Laparoscopic Pectopexy and Vaginal Sacrospinous Fixation Clinical Trial
Official title:
Intermediate-term Outcomes of Laparoscopic Pectopexy and Vaginal Sacrospinous Fixation: A Comparative Study
Forty-three women who had vaginal sacrospinous fixations using Dr. Aksakal's Desta suture carrier and 36 women who had laparoscopic pectopexies between January 2014 and June 2018 at H.S.U Kocaeli Derince Training and Research Hospital Gynecology and Obstetrics clinic were re-examined between 15 June and 30 December 2018 gynecologically.
Forty-three women who had vaginal sacrospinous fixations using Dr. Aksakal's Desta suture
carrier and 36 women who had laparoscopic pectocolpopexies were re-examined 7 to 43 months
after surgery. All of the women had undergone surgery for stage 2 or greater uterovaginal or
vaginal vault prolapse according to the Pelvic Organ Prolapse Quantification (POP-Q) system.
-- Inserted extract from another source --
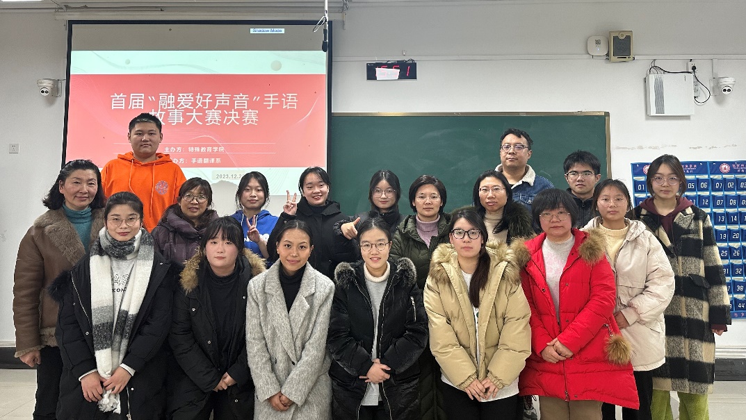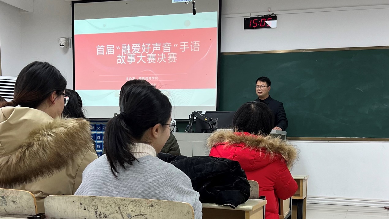 为了促进残疾人公共文化服务标准化、推动国家通用手语推广等信息无障碍建设,提高公司员工手语表达能力,创建博爱校园文化。伟德体育于 2023 年12 月至 20月下午在博雅楼2407教室举办首届“融爱好声音”手语故事大赛。公司党总支副书记李鹏、手翻译系全体教师、手语翻译专业员工参会,手语翻译系系主任韩梅老师主持比赛活动。
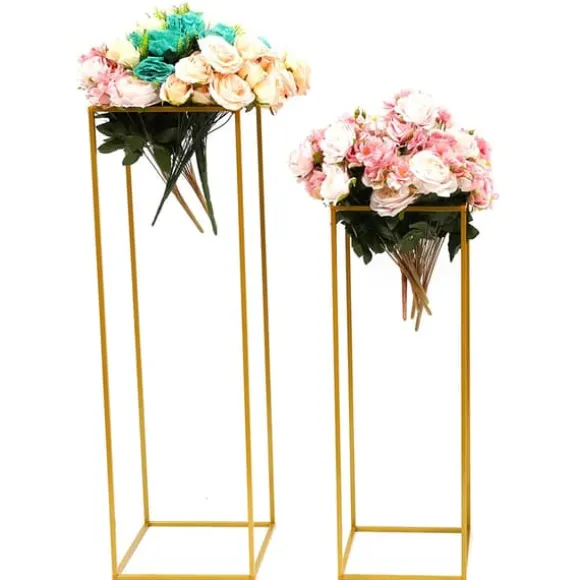 Elegant blomställ för romantiska bröllopsmiljöerDenna fristående blomställ i guld lyfter dina arrangemang i både inomhuslokaler och utomhusmiljöer. Den robusta konstruktionen i metall ger stabilitet, lång hållbarhet och är enkel att kombinera med blommor, rankor och tyll (dekoration ingår ej).

All of the patients received telephone calls and were invited for a gynecological
re-examination. All but one patient in the vaginal surgery group came in for a gynecological
control. We conducted a phone interview with the one patient not agreeing to come to the
control, and we learned that she had a relapse 6 months after the operation. She underwent
another prolapse surgery at a different hospital. She described her postsurgical complaints,
and we noted that she was unsatisfied with the surgery. In the postoperative re-evaluation
between 15 June and 30 December 2018, all of the women were examined in the lithotomy
position for apical, anterior, and posterior compartment descensus. Stage 2 or greater apical
descensus or a cystocele or rectocele according to the POP-Q system were accepted as
postoperative relapses. All of the patients answered the Pelvic Organ Prolapse/Urinary
Incontinence Sexual Questionnaire (PISQ-12) and Prolapse Quality of Life (P-QOL)
questionnaire. All of the women were asked about de novo urge urinary incontinence and de
novo stress urinary incontinence. In addition, each patient's satisfaction with the surgery
was asked and recorded.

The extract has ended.